(What is expected) Go through the listing below and write out exactly the lines from the one that mentions "(写真左)物件名:RESIDENCE TOKYO、設計:SYMBOL +" through the one that mentions "somit fast gleichauf.", minus the pictures.

(Data provided)
□ □ □ □

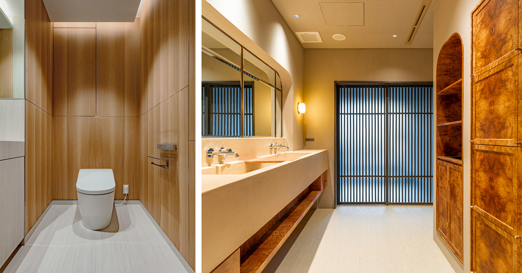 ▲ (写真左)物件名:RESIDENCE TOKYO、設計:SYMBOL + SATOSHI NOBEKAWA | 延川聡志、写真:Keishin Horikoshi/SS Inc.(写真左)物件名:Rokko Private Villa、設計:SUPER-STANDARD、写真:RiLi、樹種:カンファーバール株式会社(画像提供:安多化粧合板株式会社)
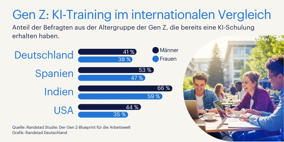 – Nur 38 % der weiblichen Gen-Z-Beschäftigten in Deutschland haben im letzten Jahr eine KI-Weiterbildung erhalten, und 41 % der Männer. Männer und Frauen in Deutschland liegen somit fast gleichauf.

□ □ □ □

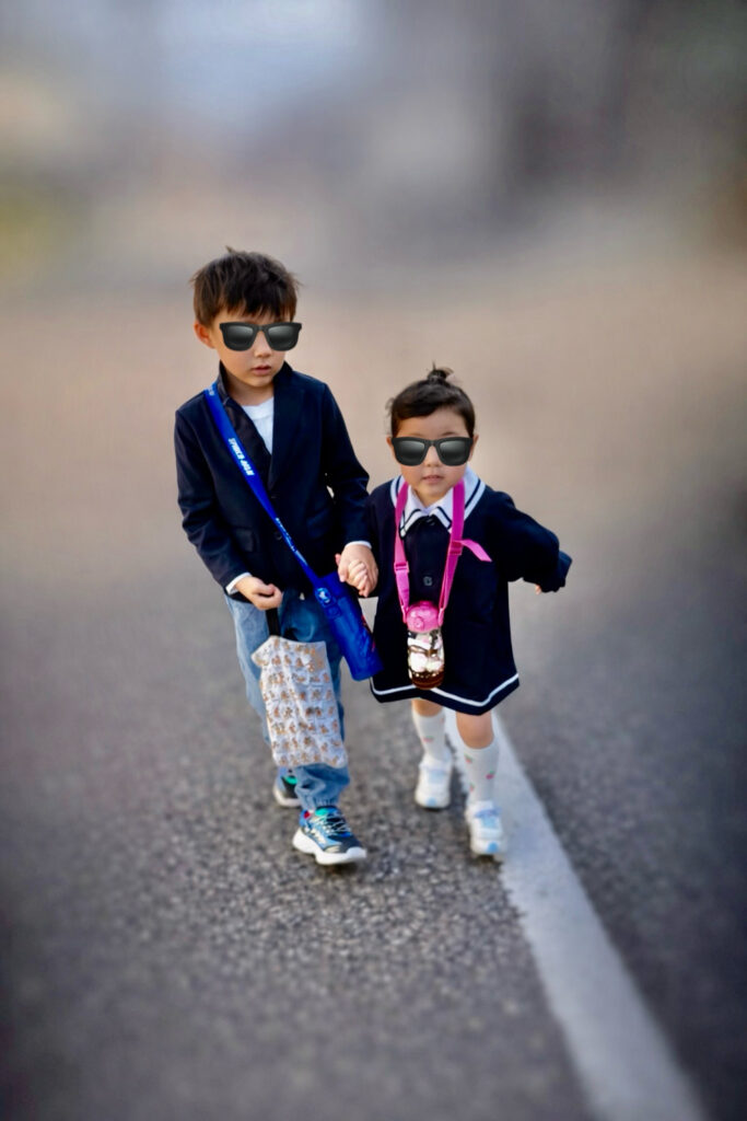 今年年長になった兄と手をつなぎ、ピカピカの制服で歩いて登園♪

□ □ □ □

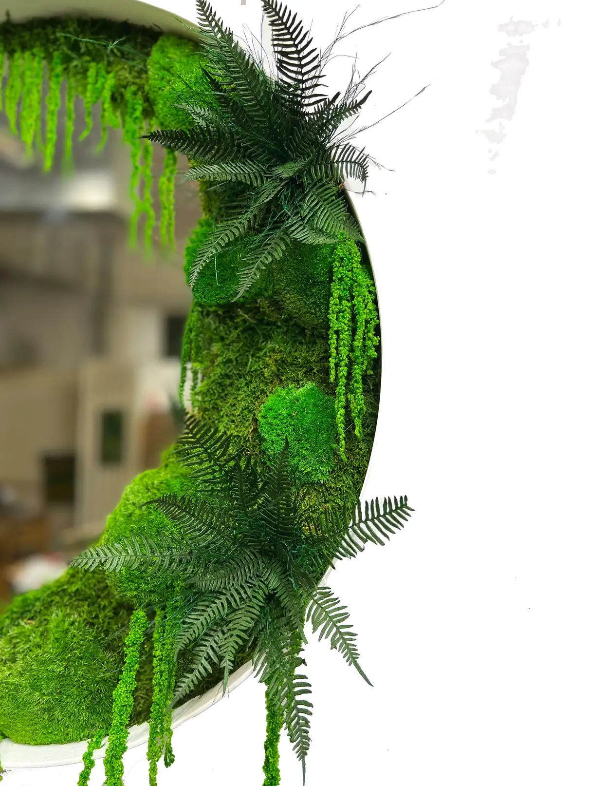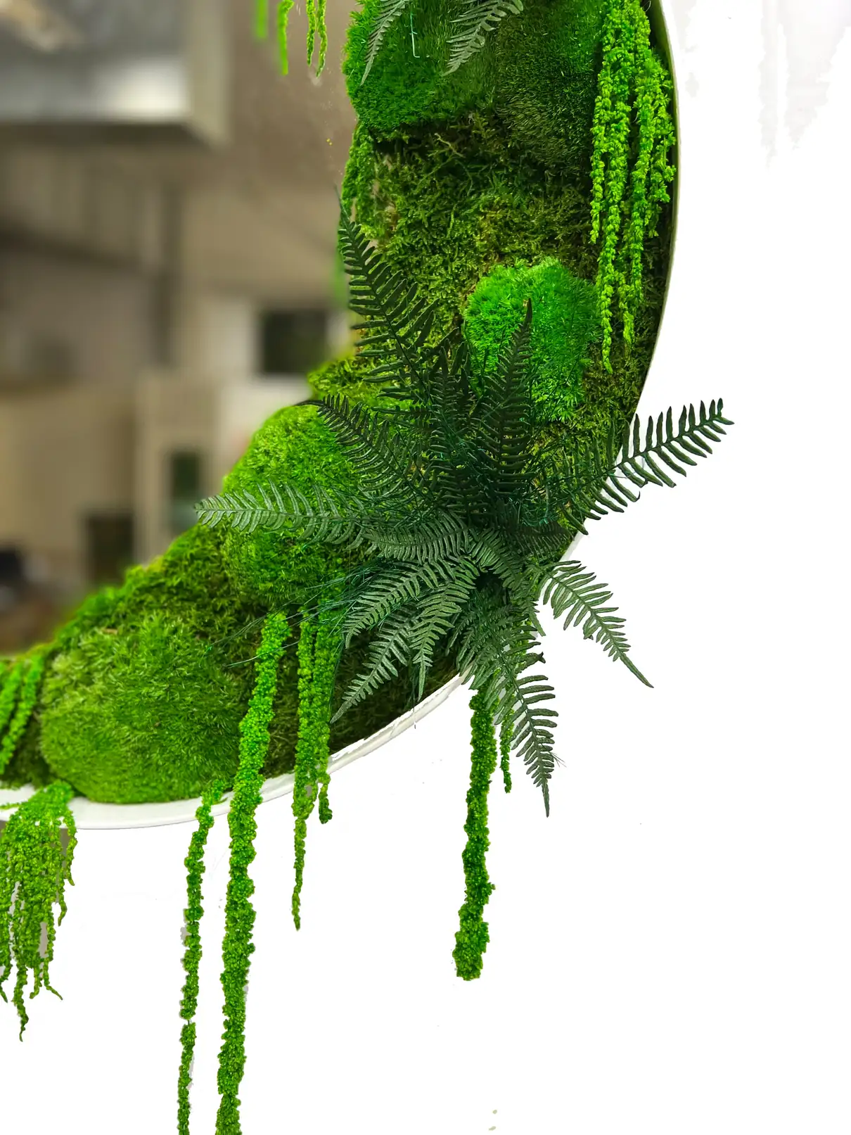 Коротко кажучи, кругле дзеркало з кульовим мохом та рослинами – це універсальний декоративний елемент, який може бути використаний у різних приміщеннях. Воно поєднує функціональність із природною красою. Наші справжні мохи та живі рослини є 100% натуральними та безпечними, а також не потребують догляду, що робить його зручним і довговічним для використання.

□ □ □ □

(Reply to the exercise)
 ▲ (写真左)物件名:RESIDENCE TOKYO、設計:SYMBOL + SATOSHI NOBEKAWA | 延川聡志、写真:Keishin Horikoshi/SS Inc.(写真左)物件名:Rokko Private Villa、設計:SUPER-STANDARD、写真:RiLi、樹種:カンファーバール株式会社(画像提供:安多化粧合板株式会社)
 – Nur 38 % der weiblichen Gen-Z-Beschäftigten in Deutschland haben im letzten Jahr eine KI-Weiterbildung erhalten, und 41 % der Männer. Männer und Frauen in Deutschland liegen somit fast gleichauf.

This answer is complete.